Agonia da Saúde

Por Edmundo Machado Ferraz*

Vivemos um momento de grande expectativa e cobrança da sociedade sobre a atividade médica em nosso país, que ainda não superou alguns problemas estruturais básicos. Fomos capazes de criar, gerir e manter um país continental de uma riqueza e potenciais invejáveis, mas não fomos ainda capazes de integrá-lo em uma cidadania plena para todos os seus cidadãos.

No entanto, criamos um sistema público único de saúde de concepção modelar e não fomos capazes de dotá-lo e atualizá-lo, ao longo do tempo, de um plano de financiamento que garantisse a sua prestação de serviços a 145 milhões de brasileiros usuários.

Desenvolvemos centros de excelência médica comparáveis aos melhores do mundo em algumas metrópoles brasileiras, mas não fomos capazes de assegurar um atendimento mínimo de dignidade e de respeito à cidadania da grande maioria dos pacientes usuários de mais de 6.000 hospitais brasileiros.

Formamos mais de 10.000 médicos por ano e somos incapazes de distribuí-los pela maioria de nosso território continental, por não termos desenvolvido uma política salarial pública adequada.

Algumas escolas médicas são exemplares, mas não fomos capazes de conter a proliferação desenfreada de escolas médicas – o maior número do mundo – que lançam no mercado grande contingente de médicos despreparados técnica e, sobretudo, eticamente para o desempenho dessa atividade abençoada que é ser médico, criando sérios problemas para as nossas entidades médicas, entre as quais nos incluímos com a Associação Médica Brasileira (AMB) e o Conselho Federal de Medicina (CFM).

Fomos capazes de criar praticamente todas as sociedades cirúrgicas, de todas as especialidades, mas não fomos capazes de unir nossa imensa força política de persuasão que poderia mudar a face do atendimento público de saúde no Brasil, porque ainda privilegiamos a querela, a disputa de pequenas vantagens, irrisórias e insignificantes, em detrimento de uma identificação de objetivos comuns que resultaria em atendimento melhor de nossa população.

Ultrapassamos um PIB de cerca de 1 trilhão de dólares, mas não fomos capazes de atingir uma aplicação mínima de recursos por habitante (menos de 300 dólares por habitante, quando a Organização Mundial de Saúde considera adequado cerca de 500 dólares por habitante).

Os hospitais públicos estão superlotados e, entretanto, em regime falimentar e de grande sucateamento, sendo fácil imaginar que essa deterioração irá exigir um grande esforço e aporte de recursos para ser recuperada.
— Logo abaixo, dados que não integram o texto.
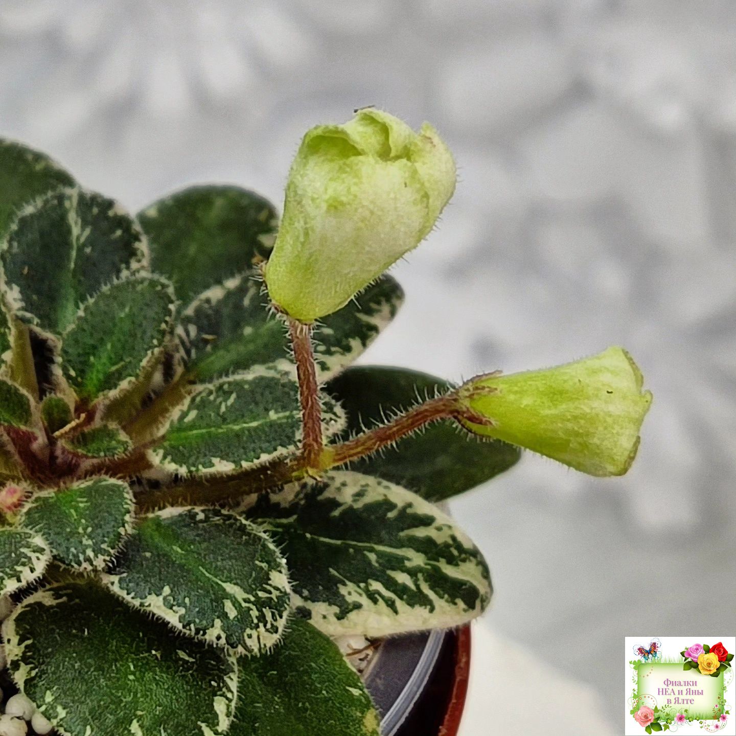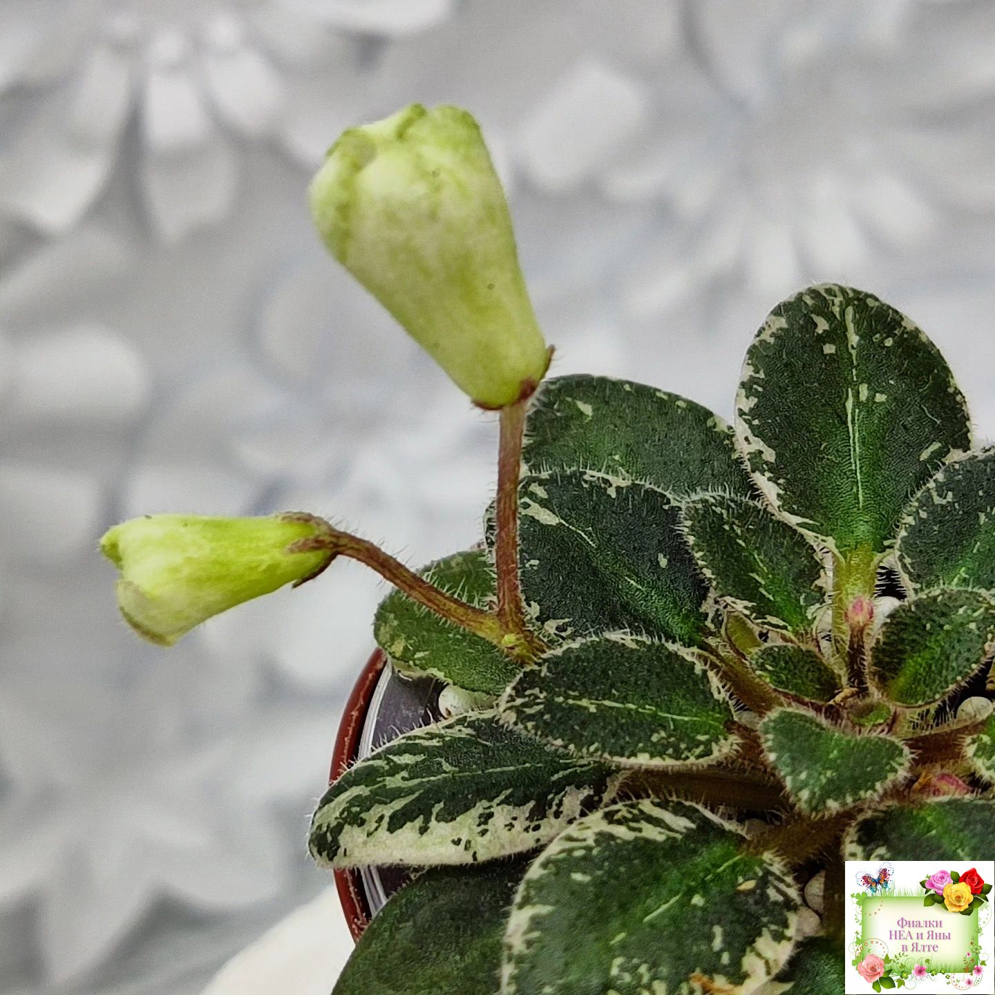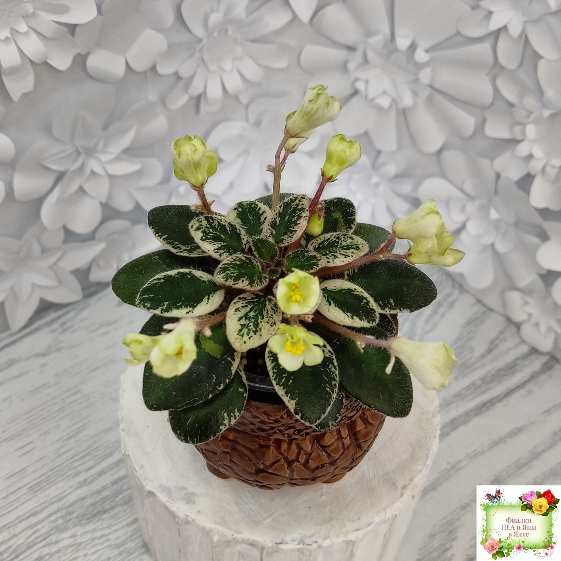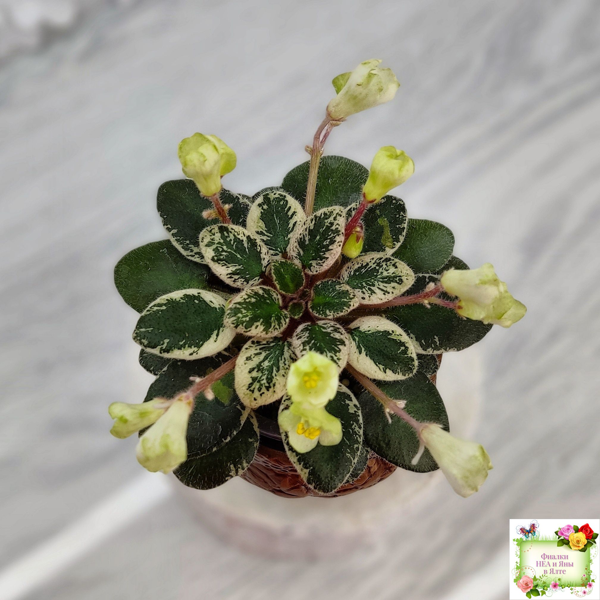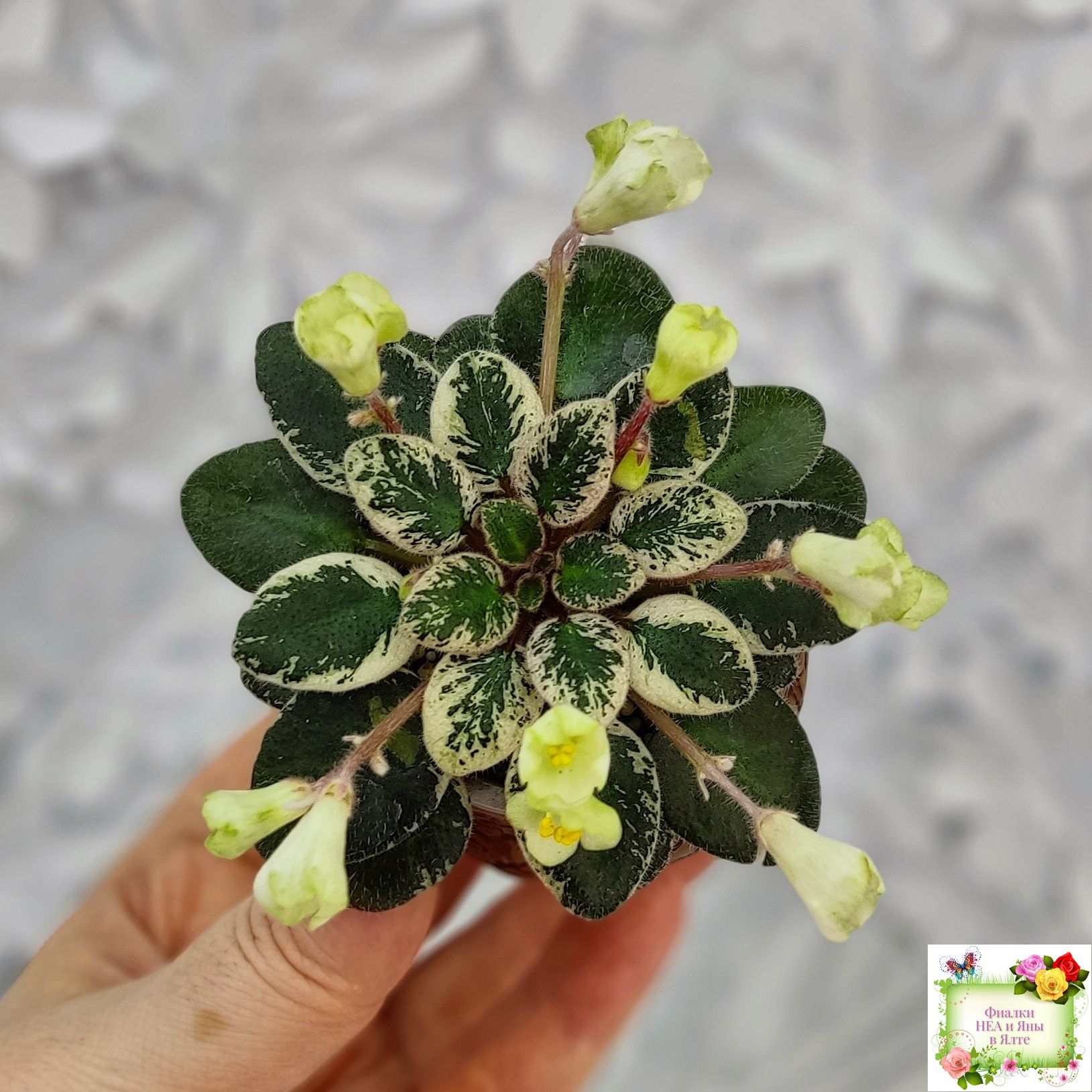 Розетка: Маленькая розеточка ( до 6 см в диаметре) темных листиков с бело-розовой пестролистностью.
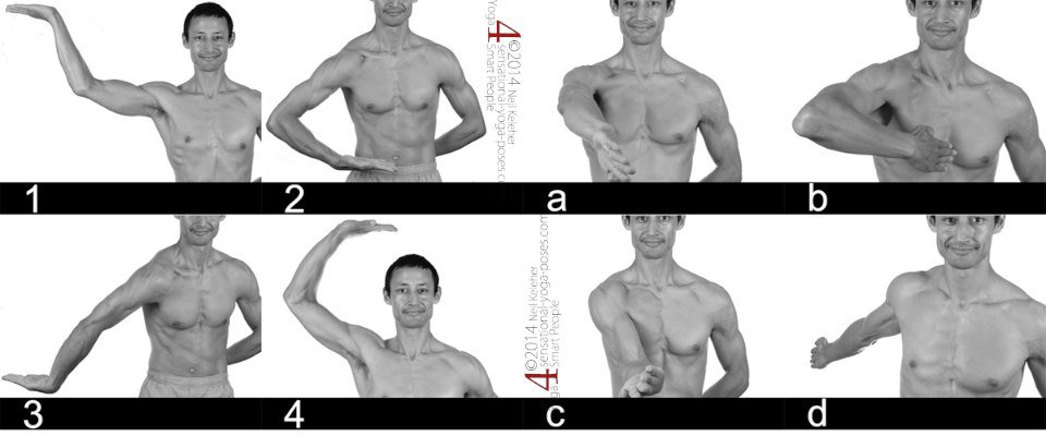 While just moving in and out of the basic positions can be an exercise in and of itself, a slightly more challenging dance of shiva shoulder exercise is moving between the positions.

Um grande exemplo desta afirmativa é o que vem presentemente ocorrendo no Hospital Universitário Clementino Fraga Filho, hospital voltado para o atendimento de alta complexidade no Rio de Janeiro e que perdeu a sua capacidade financeira com repercussão imediata no atendimento dos pacientes e nos programas de treinamento de cirurgia avançada.

Contudo, a constatação dessa realidade não constitui uma afirmativa pessimista. A mudança depende de cada um de nós

(*) Edmundo Machado Ferraz é presidente do Colégio Brasileiro de Cirurgiões. Artigo publicado no jornal O Globo, na edição do dia 06/10/08.